Things that we managed to figure out so far:

  • The VM went down trying to allocate extra ~760MB of memory while already consuming ~3GB,
  • The culprit is the process with pid 0.24269.0: an Oban job that was paging through the results of an external API and accumulating JSON responses in memory (this was probably a mistake); it looks like that particular endpoint had an unusual amount of data; running the job would bring the whole VM down again and again after the app was brought up; removing the job solved the problem,
  • The VM crashed when the offending process was doing garbage collection,
  • The system was not showing any signs of overload in terms of CPU or memory prior to going down,
  • It’s unlikely that the data returned by the endpoint would be huge, definitely not in the ballpark of hundreds of megabytes,
  • We’re on Erlang 23.3.4.11 and Elixir 1.13.3,
  • We’re using the default Logger config (handle_otp_reports: true, handle_sasl_reports: false).

I’m unable to inspect the offending process in crashdump_viewer - the tool cannot handle that, reading the heap of the process times out and the UI disappears.
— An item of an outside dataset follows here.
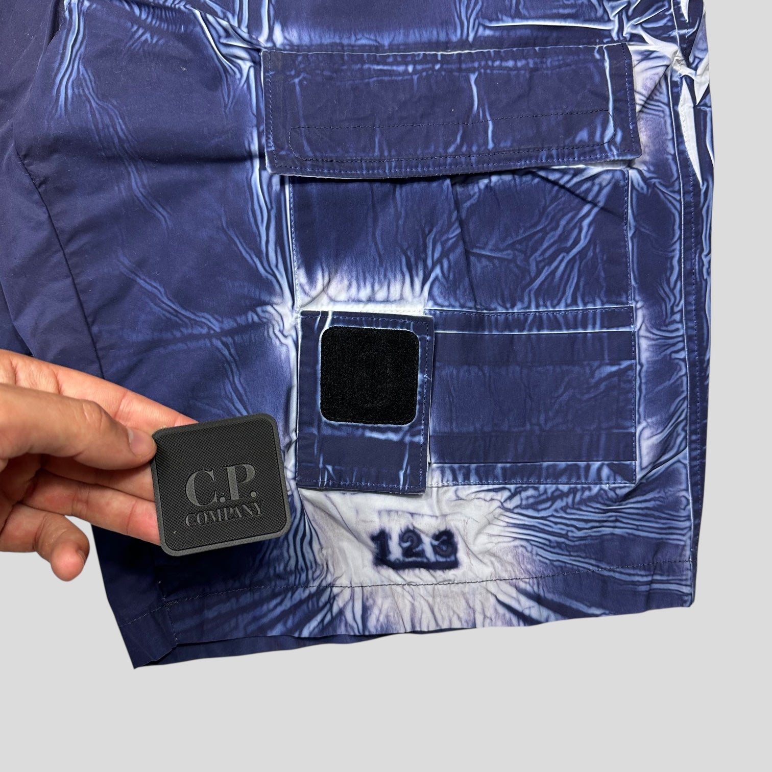 Very rare CP Company spring summer 2021 Metropolis series Bermuda cargo shorts, blue colourway with unique tracery pattern, tough nylon construction, removable CP Company black velcro patch.

What really happened here?

My theory is that the offending process went over some per-process memory limit and crashed; while logging the crash, the VM went down. Can this be somehow confirmed? I was not able to reproduce it.

Is there a way to prevent this from happening again?
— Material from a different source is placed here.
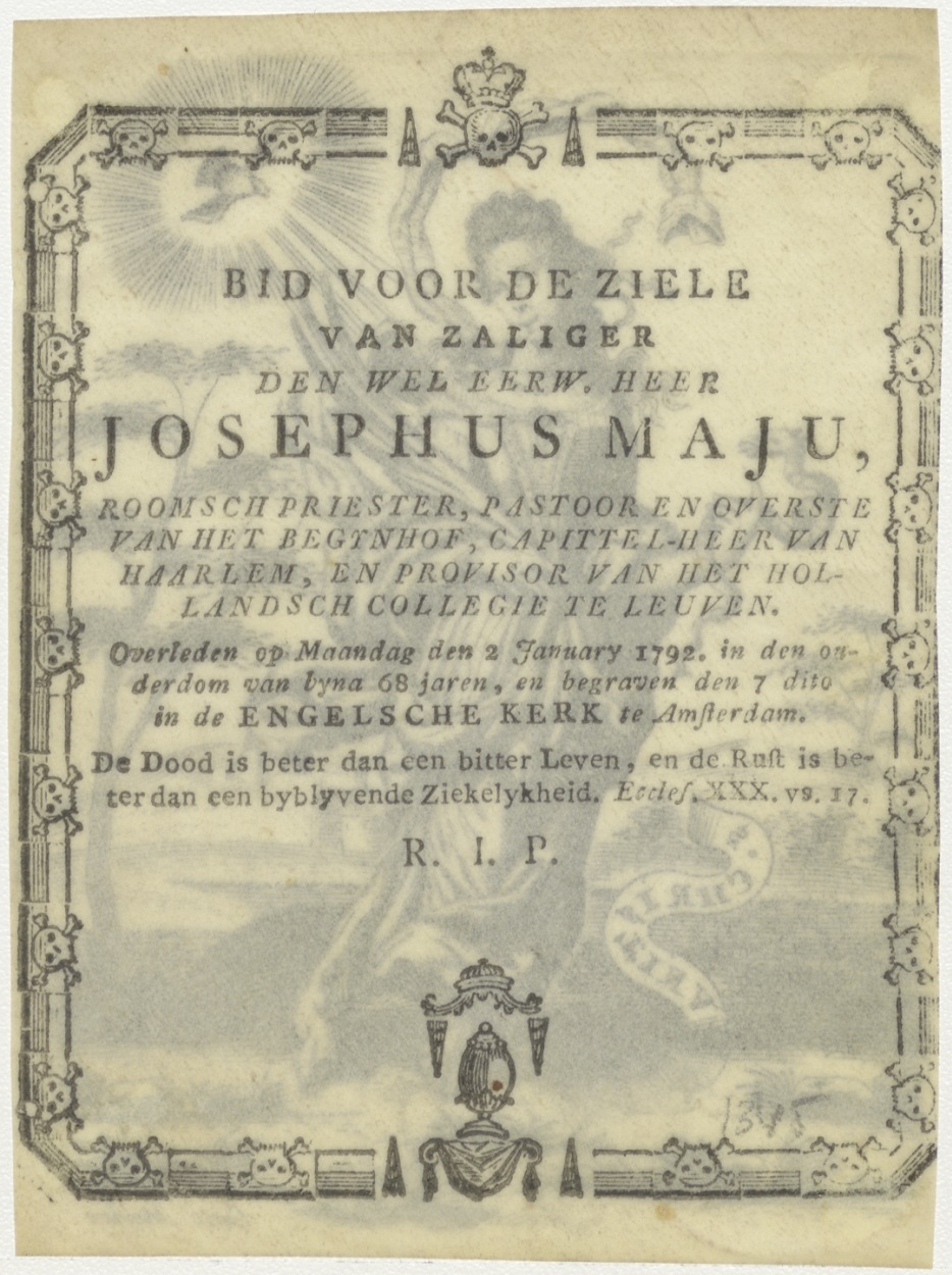H. Christina, kz. Religieus;Bid voor ziel Josephus Maju (+1792);pastoor Begijnhof, kapittelheer Haarlem

Which http client are you using? You might want to look at Finch as it reduces the amount of data copying. This can really help when dealing with large responses.

Thanks, I’ll look into that! But the priority now is to pinpoint the actual reason for the crash and find measures to prevent this from happening again.
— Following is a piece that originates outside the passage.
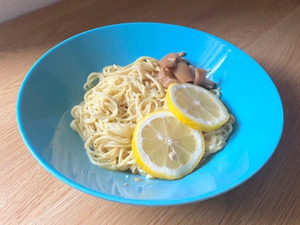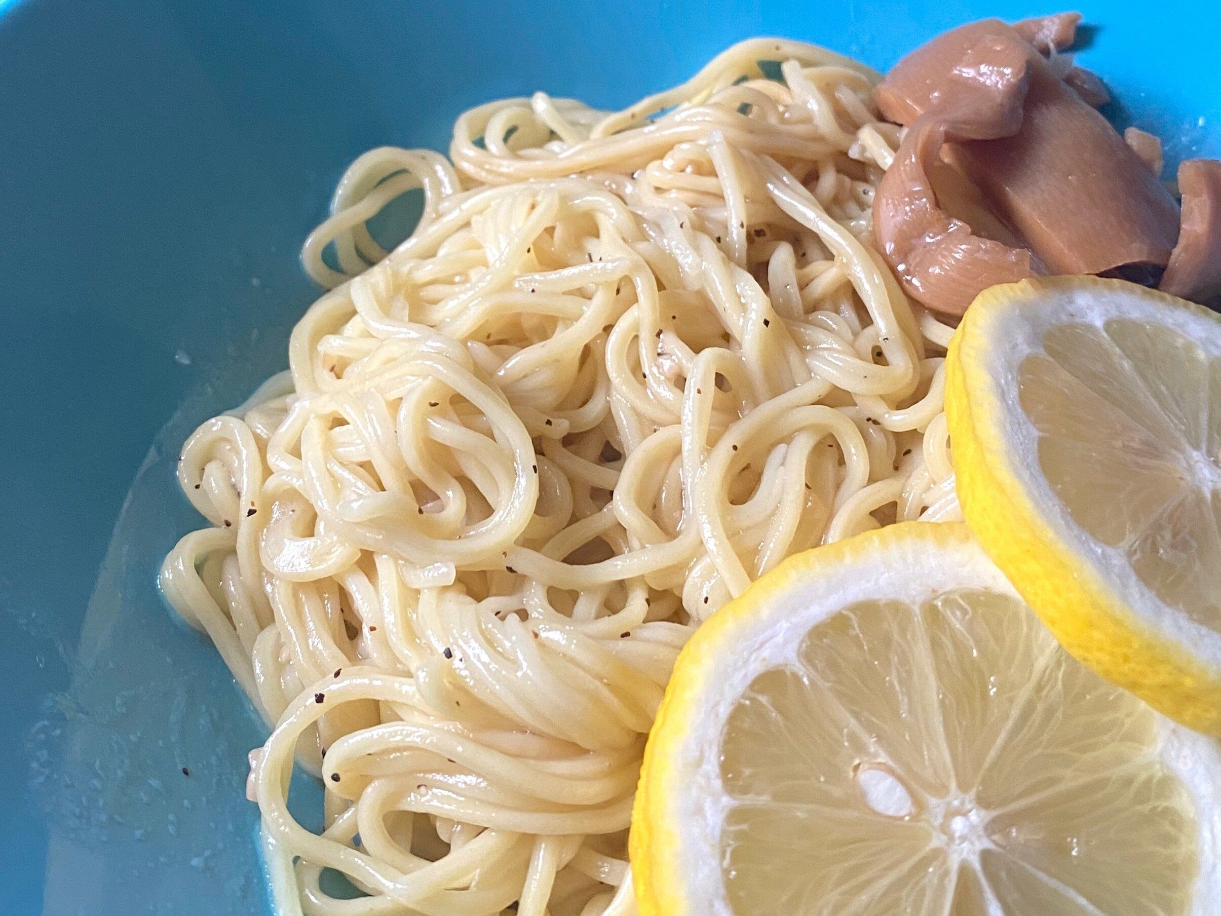 口に入った瞬間はレモンの香りと酸味を強く感じますが、チキンの旨みとにんにくの香りがきいているので後味はまやかな酸味に。胡椒のピリ辛さがほどよくアクセントになっていて、全体的にさっぱりと食べやすい味わいです。麺はコシがありながらも歯切れのよいタイプで食べ応えも抜群。

The memory of 556Mb on that single process indeed looks like it’s the culprit, and somewhere it must have gotten all that data from. If the crashdump is 1.6gb and this process alone is already at 500Mb then you could try some manual inspection of the crashdump as 1/3 of the whole file belongs to this one process. Assuming it’s JSON you might be quick in figuring out what kind of payload can have become this large.

In terms of preventing, you could set up a maximum memory limit either only for these worker processes using process_flag_max_heap_size or for all processes in the system with the +hmax parameter. E.g. setup a 300Mb per-process memory limit, if that is more than you expect. That will ensure that individual “poison” data sets won’t kill your VM.